From: ceph-users <ceph-users-bounces@xxxxxxxxxxxxxx> on behalf of Wido den Hollander <wido@xxxxxxxx>
Sent: Saturday, 7 July 2018 12:26:15 AM
To: John Spray
Cc: ceph-users@xxxxxxxxxxxxxx
Subject: Re: CephFS - How to handle "loaded dup inode" errors
 


On 07/06/2018 01:47 PM, John Spray wrote:
> On Fri, Jul 6, 2018 at 12:19 PM Wido den Hollander <wido@xxxxxxxx> wrote:
>>
>>
>>
>> On 07/05/2018 03:36 PM, John Spray wrote:
>>> On Thu, Jul 5, 2018 at 1:42 PM Dennis Kramer (DBS) <dennis@xxxxxxxxx> wrote:
>>>>
>>>> Hi list,
>>>>
>>>> I have a serious problem now... I think.
>>>>
>>>> One of my users just informed me that a file he created (.doc file) has
>>>> a different content then before.
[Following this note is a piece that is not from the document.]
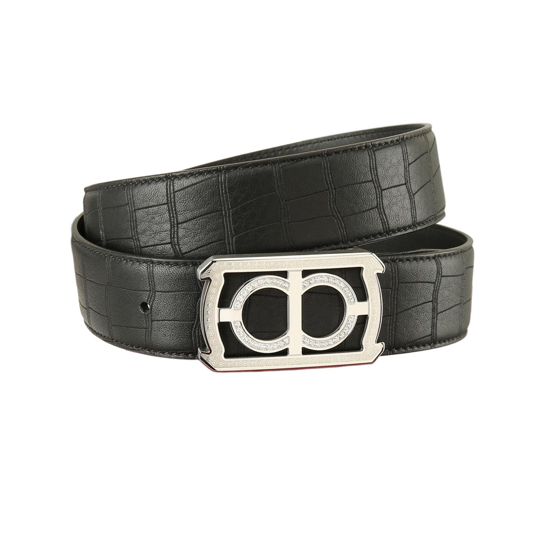Ferragamo Men’s Square Buckle With Crystal Belt In Black Crocodile-Embossed Calfskin With Gold/Silver Hardware 38mm

It looks like the file's inode is
>>>> completely wrong and points to the wrong object. I myself have found
>>>> another file with the same symptoms. I'm afraid my (production) FS is
>>>> corrupt now, unless there is a possibility to fix the inodes.
>>>
>>> You can probably get back to a state with some valid metadata, but it
>>> might not necessarily be the metadata the user was expecting (e.g. if
>>> two files are claiming the same inode number, one of them's is
>>> probably going to get deleted).
>>>
>>>> Timeline of what happend:
>>>>
>>>> Last week I upgraded our Ceph Jewel to Luminous.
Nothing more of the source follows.